● Entries shown
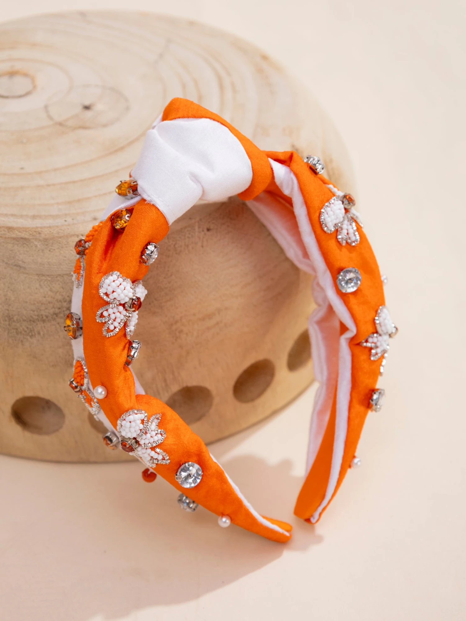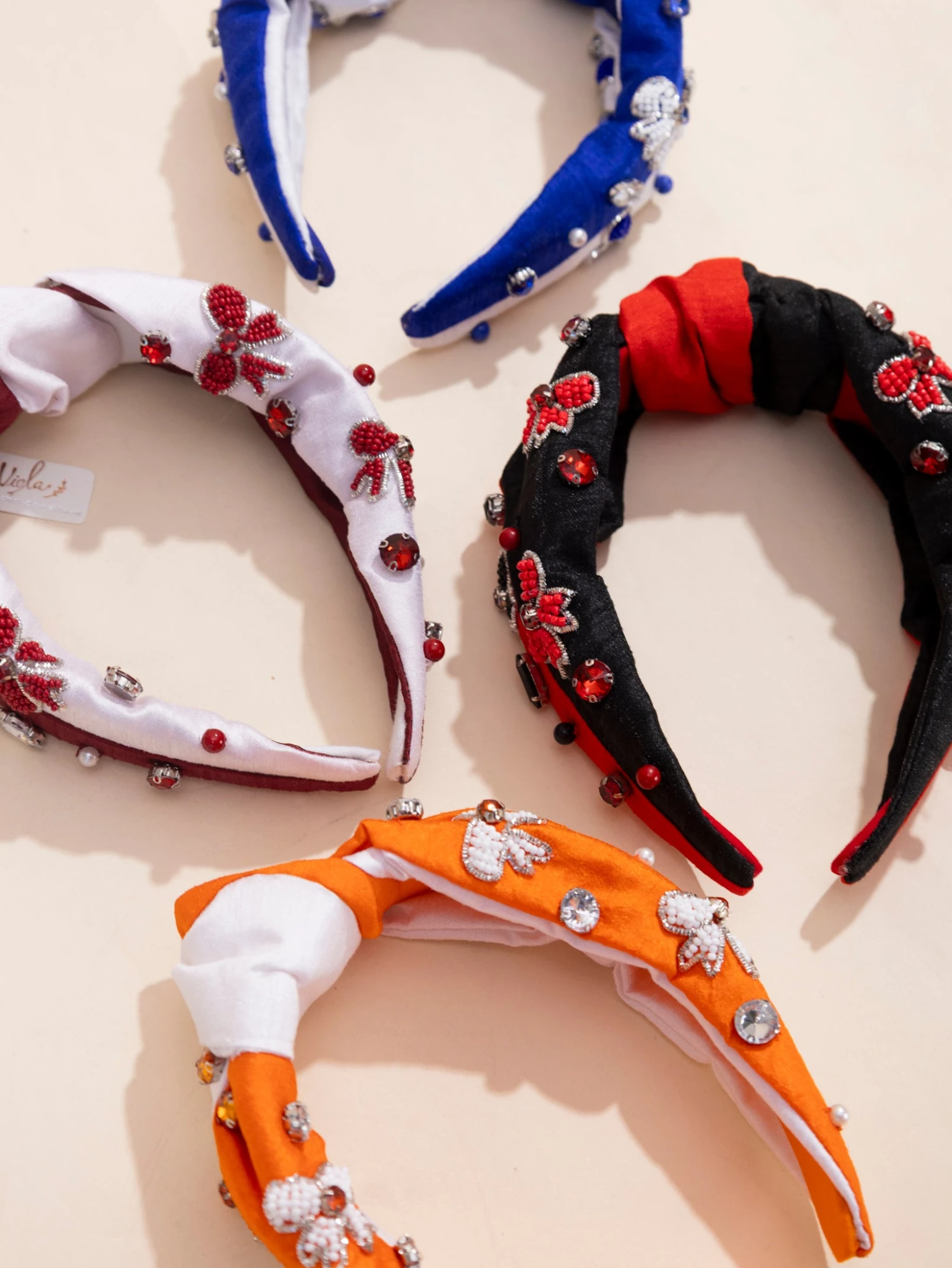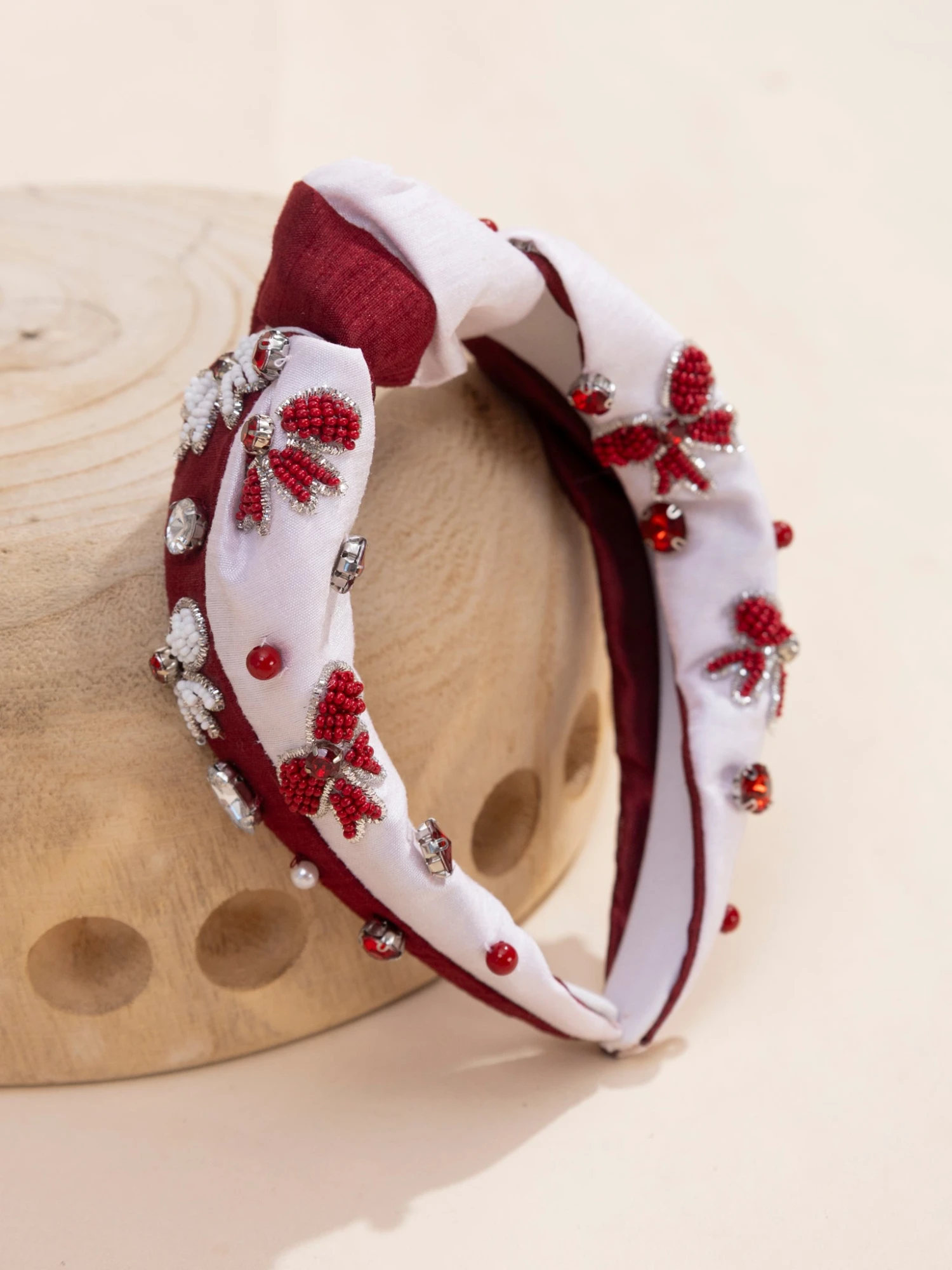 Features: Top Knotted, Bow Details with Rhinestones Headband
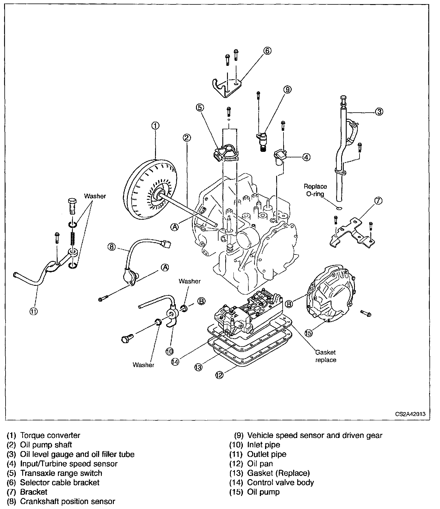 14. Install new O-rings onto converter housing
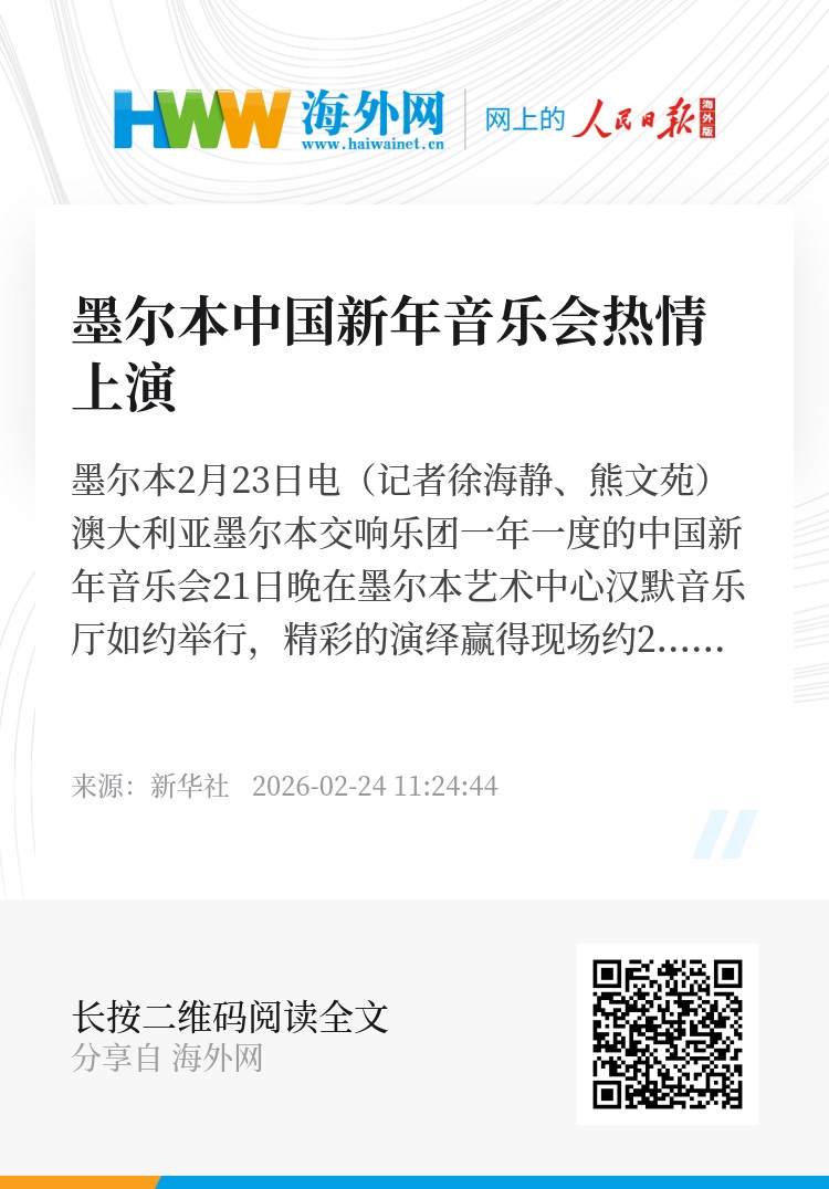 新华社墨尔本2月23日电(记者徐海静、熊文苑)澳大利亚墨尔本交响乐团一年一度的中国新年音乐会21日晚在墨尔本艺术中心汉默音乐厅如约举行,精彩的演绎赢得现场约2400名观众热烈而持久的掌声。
* * *
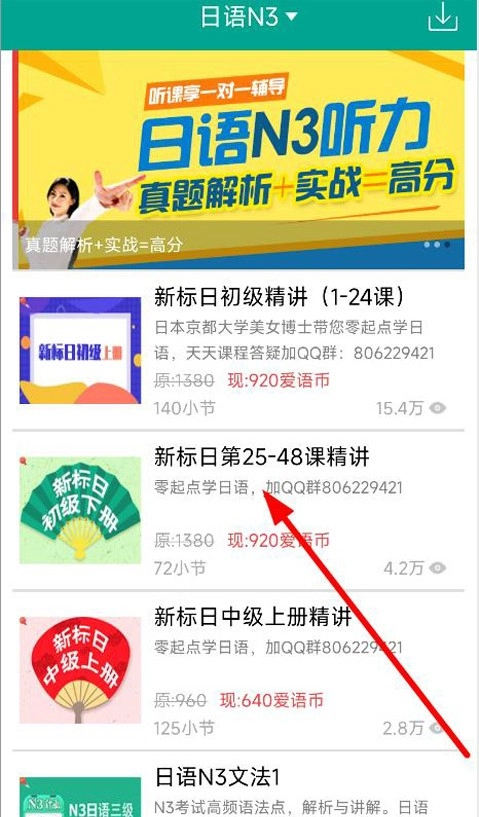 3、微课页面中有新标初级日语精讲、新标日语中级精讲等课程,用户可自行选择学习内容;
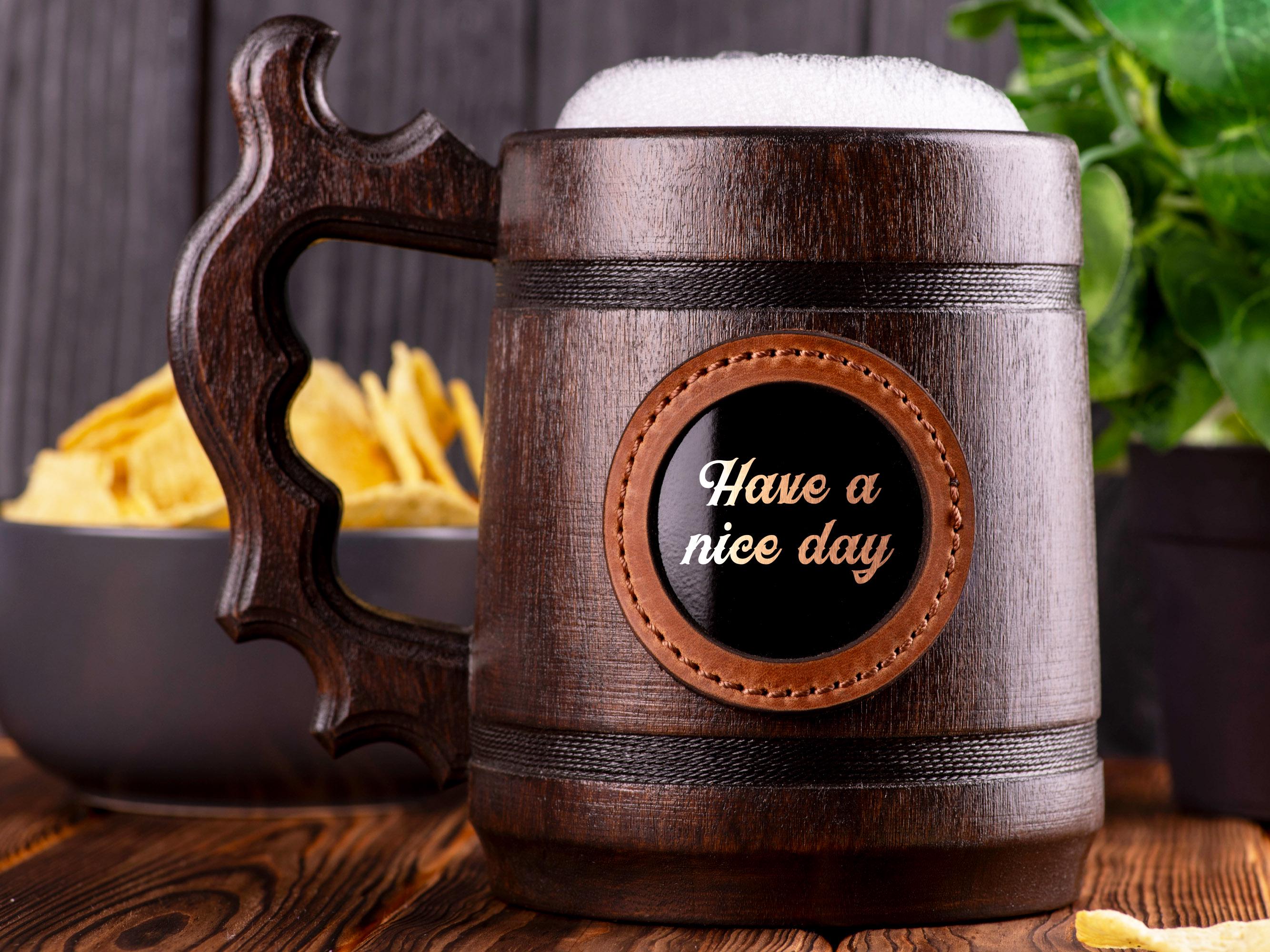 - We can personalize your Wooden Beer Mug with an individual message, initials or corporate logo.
---
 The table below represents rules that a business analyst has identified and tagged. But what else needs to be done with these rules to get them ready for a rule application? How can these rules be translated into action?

● Work to be completed
To complete this exercise, transcribe exactly the lines above from the one that holds "3、微课页面中有新标初级日语" through the one that holds "- We can personalize". Pictures stay out.

● Worked solution
 3、微课页面中有新标初级日语精讲、新标日语中级精讲等课程,用户可自行选择学习内容;
 - We can personalize your Wooden Beer Mug with an individual message, initials or corporate logo.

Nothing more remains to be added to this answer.